Republican movements hail Barbados’ move away from monarchy

By James Moules


ANTI-monarchy movements across the Commonwealth of Nations have commended Barbados as it removes Queen Elizabeth II as head of state to become the world’s newest republic.

On November 30, 2021, the Caribbean island nation completed its transition to a republic following its government’s announcement in September 2020 that Barbados would abandon the monarchy.

Barbados had been a constitutional monarchy since independence from the UK in 1966, recognising Queen Elizabeth II as its head of state.

Sandra Mason, who previously held the office of governor-general, has assumed the new office of President of Barbados.

As a result of Barbados’ new republic, there are now 15 Commonwealth countries that recognise Elizabeth II as head of state – including the UK.

Graham Smith, a spokesperson for the UK campaign Republic – which seeks to remove the monarchs as heads of state in Britain – said: “A huge congratulations to Barbados for this historic moment in their nation’s story.

“Barbados isn’t just doing themselves a favour, but are showing the way for the other 15 Commonwealth realms.”

Smith also lauded Barbados’ adoption of a parliamentary republic – in which the remaining political system largely remained intact but replaced the monarch with a ceremonial president.

“Barbados answers one of the most common questions we hear: what’s the alternative? The alternative is simple, a parliamentary system with a largely ceremonial head of state.”

“Barbados has also shown how simple it is to change a constitution, and how smooth the transition can be.”

Support for abolition of the monarchy is currently low in the UK, with a Redfield & Wilton Strategies poll for the New Stateman in July 2021 suggesting only 18 per cent of respondents favour a republic compared to 53 per cent backing the monarchy.

Queen Elizabeth II herself also holds high popularity ratings, with an August 2021 YouGov poll finding that 80 per cent have a positive opinion of the reigning monarch – including 51 per cent with a ‘very positive’ opinion.

Only 13 per cent expressed a negative view of the Queen.

Smith believes that the Queen’s personal popularity is what holds the institution of the monarchy together in Britain.

He said: “The Queen is the monarchy for most people. After she dies the future of the institution is in serious jeopardy. Charles may inherit the throne, but he won’t inherit the deference and respect afforded the Queen.”

Polling suggests that Prince Charles’ popularity is lower than that of the Queen, with the same YouGov survey suggesting 54 per cent hold a positive view of him and 37 per cent a negative opinion.

Barbados has not been the only Caribbean nation to consider the issue of republicanism.

Jamaica’s opposition leader Mark Golding voiced calls for the country to follow Barbados in abolition of the monarchy earlier this month, and Prime Minister Andrew Holness has also previously expressed his support for such a move.

Republicanism also has strong support in Australia, with a March 2021 Essential poll showing 48 per cent of respondents backing a republic and just 28 per cent in favour of keeping the monarchy.

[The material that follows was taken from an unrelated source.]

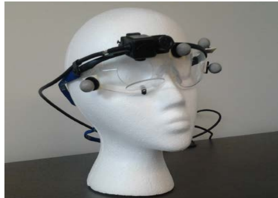
Fig. 2: Represents the wearable eye gaze device (McMurrrough et al. , 2013)

Another arrangement of wearable eye gaze glasses with a low-cost webcam was introduced by Jen et al. (2016) for detecting the region of interest and this work also provides high degrees of accuracy and robustness. Depending on the recently existing eye gaze detection methods, the wearable based classification methods are implemented in various applications. Kim et al. (2012) present a monitoring system for both eyes equipped with three mini cameras and two mirrors for extracting the regions of interest depending on the detection of binocular gaze. Yip et al. (2016) present a controlling interface for surgical manipulators based on wearable

Australia held a referendum on abolishing the monarchy in 1999 in which voters rejected a republic by 55 per cent to 45 per cent. However, debate over the monarchy’s future in Australia remains ongoing, with the main opposition Labor Party supporting the change.

New Zealand Republic, which campaigns for New Zealand to abolish the monarchy, also welcomed Barbados’ move.

“Congratulations Barbados for successfully making the transition to a republic,” Lewis Holden, campaign chair of New Zealand Republic said.

“The focus now moves to who will be next to become a republic, of the remaining 15 Commonwealth members with the British monarch as head of state.

“Of course, our campaign for Aotearoa to make that change continues.”